If left untreated the disorder can be deadly.

The toxic compound is a waste product which forms when the body breaks down protein.

But a lack of OTC enzyme needed to flush it out creates an accumulation and can lead to severe headaches, sickness, loss of appetite, tiredness, and confusion.

In extreme cases, the hereditary condition can cause coma, brain damage, and even death.

Mum Paula said: “Kayden mostly suffers from sore heads - the way he describes it is a ‘sore brain’.

“Even a bump on the head at school could affect his OCT and he has special sugary drinks that he gets which help keep his levels right.

“It’s really worrying as a mum, especially because Kayden is quite a clumsy wee boy.

“And for Joshua, when he is ill and we take him to the doctors, he is always taken straight to the hospital, it can be terrifying.”

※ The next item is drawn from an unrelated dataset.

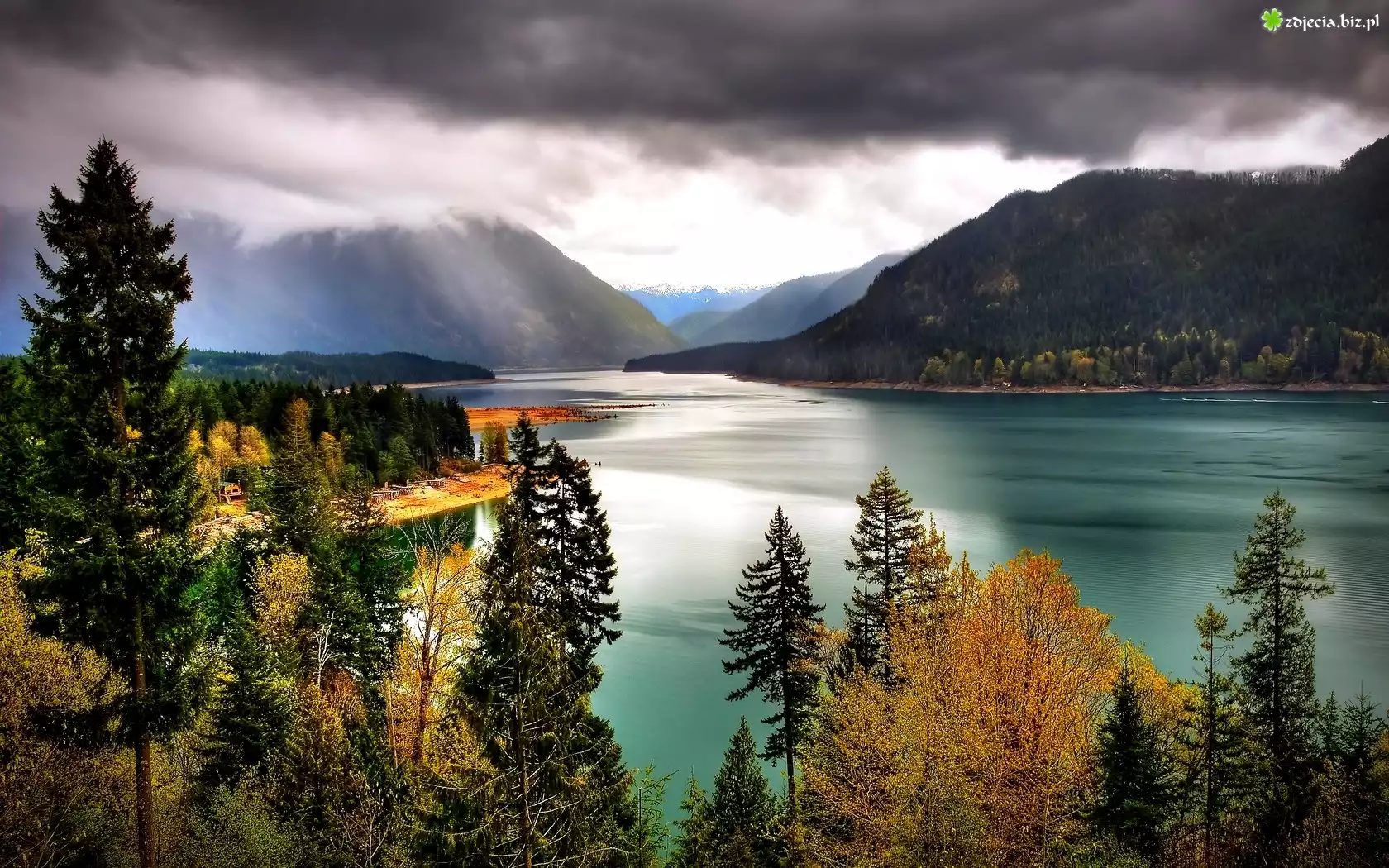 Zdjęcie Góry, Woda, Drzewa, Ciemne, Chmury

Paula was diagnosed at the same time as Kayden last year but said she didn’t know a lot about the disorder at the time.

She said: “It runs on my dad’s side of the family, so my sister and I both have it.

“A lot of my family were being tested for it last year so I went and got Kayden done at the same time and we both had.

“At the time I didn’t know much about it at all.”

But courageous Kayden, a pupil at St Patrick’s Primary pupil in Inverclyde, doesn’t let it hold him back.

Along with aunt Tina and grandmother Christina Hurrell, he is preparing for a 3.5-mile walk to raise awareness of the condition.

The walk will also be in memory of Paula’s late father Harry, who died in 2011 aged 47 -- he was a carrier of the OTCD gene and also had multiple sclerosis (MS).

Gran Christina, 51, from Port Glasgow, said: “Kayden’s body doesn’t break down protein.

“The side effects are a sore head, hallucination, sickness, and if it’s really bad he can go into a coma.

“I think what he is doing is brilliant.”

Kayden added: said: “I love walking and running - I’m fastest in the whole class.”

His aunt Tina, 19, who is organising the walk and is also a carrier said: “He has special medication because if he gets a sore head he can go into a coma.

“The walk is also in memory of his grandad, my dad.

“All the money raised will be halved between the MS society and the OTC department at the Royal Hospital for Children.”